Steven King

Still Hard To Warm Up To The Idea Of New York Super Bowl

Created on Feb. 01, 2014 8:28 PM EST

The members of the NFL’s top administration have apparently caught a break.

It appears that Sunday’s Super Bowl will be played in decent weather.

No snowstorm.

No ice storm.

No John Facenda of NFL films talking about the frozen tundra.

No brutally cold winds knocking down punts, passes and field goals with ease.

The Big Apple will not have icicles on it at kickoff.

So the top brass can pat itself on the back.

Good for those people.

But that’s not the point.

They just got lucky, that’s all. As powerful as NFL Commissioner Roger Goodell is, he doesn’t control Mother Nature. A woman – Mother Nature – does that. I know, women control everything – in and out of sports. Face it, guys.

The basis of what Goodell and his deep thinkers thought was wrong – is wrong -- in every way, shape and form, and they are too proud, too condescending or, worse yet, too ignorant, to admit it.

A history lesson for those who think a Hula Hoop is what they give to the members of the winning team in the Hula Bowl: When the Super Bowl – er, excuse me, the NFL-AFL World Championship Game – was conceived, one of the main premises was putting it at a site where weather would not be a factor. That was somewhere with warm weather year round. There weren’t domes then – only the Astrodome, but with just a 50,000-seat capacity, it was way too small to ever host the game – so it had to be Los Angeles or Miami or New Orleans. These were the days before the Superdome was built.

That made sense. The NFL had had enough championship games in places like New York, Green Bay, Cleveland and Chicago in which weather was almost as much as of a story as the players themselves, or maybe even more so.

From 1962-65, and then again from 1967-69, the NFL (NFC) Championship Game was played in cold, snowy, windy and/or wet conditions.

Did the better team win in every instance? Maybe, but maybe not. We’ll never know that, will we?

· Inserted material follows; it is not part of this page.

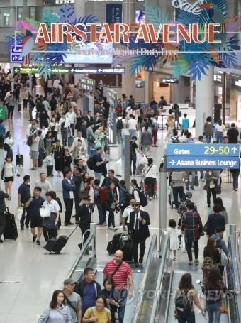 추석 연휴를 이틀 앞둔 20일 오전 인천국제공항 제1터미널 출국장 내 면세구역이 여행객들로 북적이고 있다.

In 1962 at Yankee Stadium when the Packers out-slid the Giants 16-7 on a frozen turf, the wind was so strong that New York QB Y.A. Tittle almost had a pass blown back into his face. In 1963, when the Bears beat the Giants 14-10 at Soldier Field, it was miserably cold.

It was also terribly cold – and snowy – at Cleveland Stadium in 1964 when the Browns stunned the Baltimore Colts 27-0.

In 1965 at Lambeau Field, what had been a fast track the day before turned into a muddy mess following an overnight snowstorm. So the advantage went from being in favor of the speedy Browns to the power-laden Packers, and the result was a 23-12 Green Bay victory.

In 1967 at Lambeau was the famous Ice Bowl, the coldest game in NFL history, and the Packers beat the Dallas Cowboys 21-17.

The Colts – Shhh! Don’t tell Goodell, but they were still in Baltimore then – shut the Browns 34-0 at Cleveland in 1968 on a wet, cold, rotten day.

Finally, in 1969 at Bloomington, Minn., the Minnesota Vikings routed the Browns 27-7. It was so cold that Walter Johnson, Cleveland’s Pro Bowl DT, got frostbite on his fingers. He was also the Browns’ biggest player, and as such it took a lot of his teammates to hold him down so he could get treatment as he writhed in pain on the locker room floor.

Is that football? Or abuse?

I think the latter.

I’m all about tradition. Nobody values it more than I do, and few value it as much.

But tradition is not subjecting the Super Bowl to a blizzard when there are any number of warm, comfortable places where it can be held.

So the NFL avoided disaster this time. If Roger Goodell is wise, then he won’t put the world’s biggest game up to chance in that regard ever again.